# ASSIGNMENT
As soon as the line containing "Восточное блюдо лагман" appears in the material below, start returning lines exactly, and end with the line containing "6月26日下午,音樂與舞蹈學".

# DATASET
= = = = = = =
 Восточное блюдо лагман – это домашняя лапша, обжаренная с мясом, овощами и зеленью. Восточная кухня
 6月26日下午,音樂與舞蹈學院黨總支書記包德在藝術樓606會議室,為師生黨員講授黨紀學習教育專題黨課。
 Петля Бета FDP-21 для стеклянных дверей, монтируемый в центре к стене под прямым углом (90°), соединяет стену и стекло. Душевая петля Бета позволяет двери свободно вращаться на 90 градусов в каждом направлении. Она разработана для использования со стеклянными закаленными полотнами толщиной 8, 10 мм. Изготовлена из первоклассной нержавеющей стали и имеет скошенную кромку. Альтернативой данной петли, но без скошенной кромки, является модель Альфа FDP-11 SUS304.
= = = = = = =
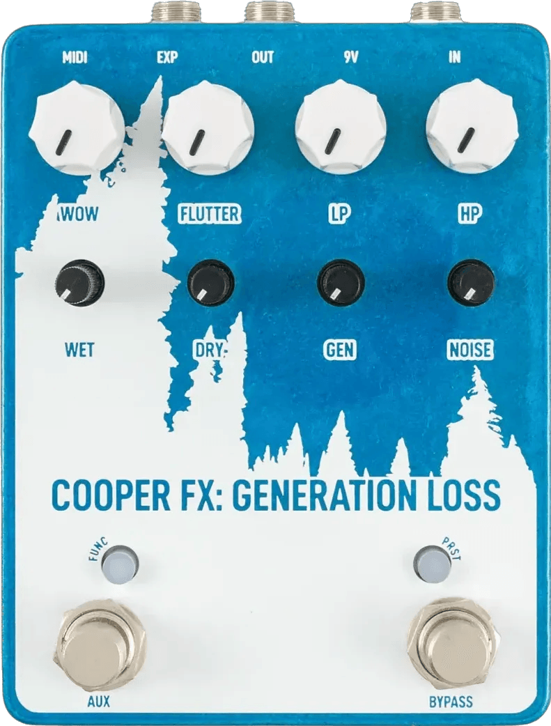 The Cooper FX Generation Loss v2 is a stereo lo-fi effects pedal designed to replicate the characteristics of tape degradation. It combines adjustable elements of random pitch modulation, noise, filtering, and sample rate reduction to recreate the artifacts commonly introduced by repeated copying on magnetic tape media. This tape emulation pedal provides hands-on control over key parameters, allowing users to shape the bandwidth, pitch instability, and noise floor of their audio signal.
= = = = = = =
# RESPONSE BELOW
 Восточное блюдо лагман – это домашняя лапша, обжаренная с мясом, овощами и зеленью. Восточная кухня
 6月26日下午,音樂與舞蹈學院黨總支書記包德在藝術樓606會議室,為師生黨員講授黨紀學習教育專題黨課。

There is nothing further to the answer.